I have no regrets in getting experienced eyes on the insides of my business and giving me their advice and thoughts on where I was currently at and where I wanted to go. I think workshops are amazing, I think online courses are fantastic- but there’s an incredible value in that one on one investment from someone who can really speak into YOUR business personally and give you the opportunity to ask the hard questions, and get their honest feedback.
Coaching, Consulting, Mentoring- whatever you want to call it- something that is one on one and allows you to lay out your business and brand in front of someone with experience so they can guide you- is truly invaluable.
So I think overall, looking back over how far I’ve come, if you are starting a business today, I would say it’s so important to discover what makes your brand unique. And that might be something that no one else is doing or sound crazy to other people- but doing something different and unique IS what is going to set you apart.
Stop obsessing over what so and so is doing. Get off Instagram if all you’re doing is comparing your brand to theirs.
You have what it takes to build something incredible. Something that is YOU. No one sees the world like you do- and it’s a mistake to just try to be like anyone else in business.
And when it comes to how technology is always changing, I think overall it’s crucial to stay on top of knowing what’s working, and maybe admitting what isn’t working anymore. And be willing to adapt and change. As a business owner, this was such an important lesson.

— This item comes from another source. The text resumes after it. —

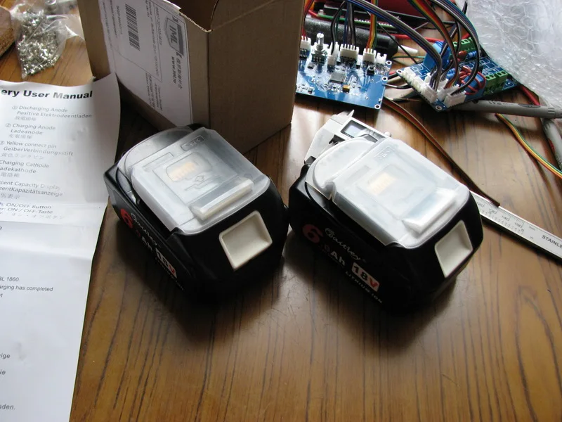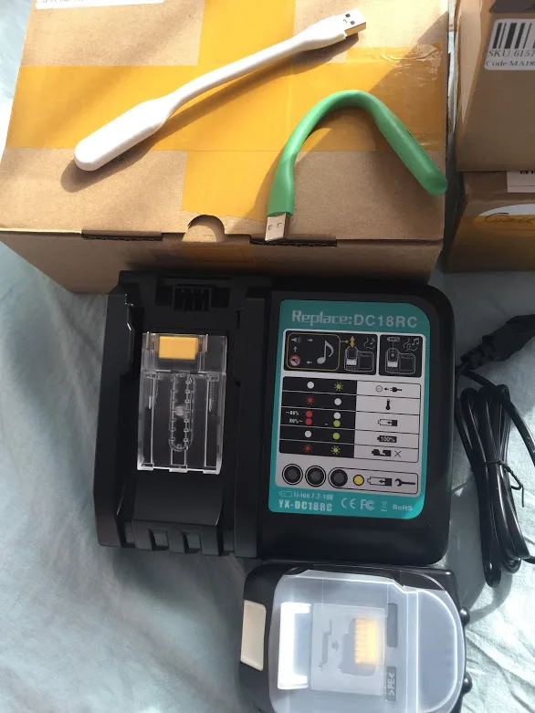 пришли 4 аккумулятора 6а/ч , заряженные на 64 процента. Вставил в стандартный макитовский зарядник и дозарядил до 100процентов. Продавец положил в каждый аккумулятор по одному светодиодному USB фонарику в подарок.

I won’t use the internet for my business the same way this year as I do next year- because a year from now the internet will be different and new opportunities and platforms will be available.
And I would say to remember that if YOU don’t take yourself seriously as a business, then no one will. That lesson took me way too long to learn. If you want to be a successful business- then act like one. Do the real work that it takes to build something worth having.
Know your numbers. Track your costs. Be proactive with your business savings. Ask for help and learn from leaders who paved the way and made it happen in their own brand.
And follow your gut. Because No one else can do that for you.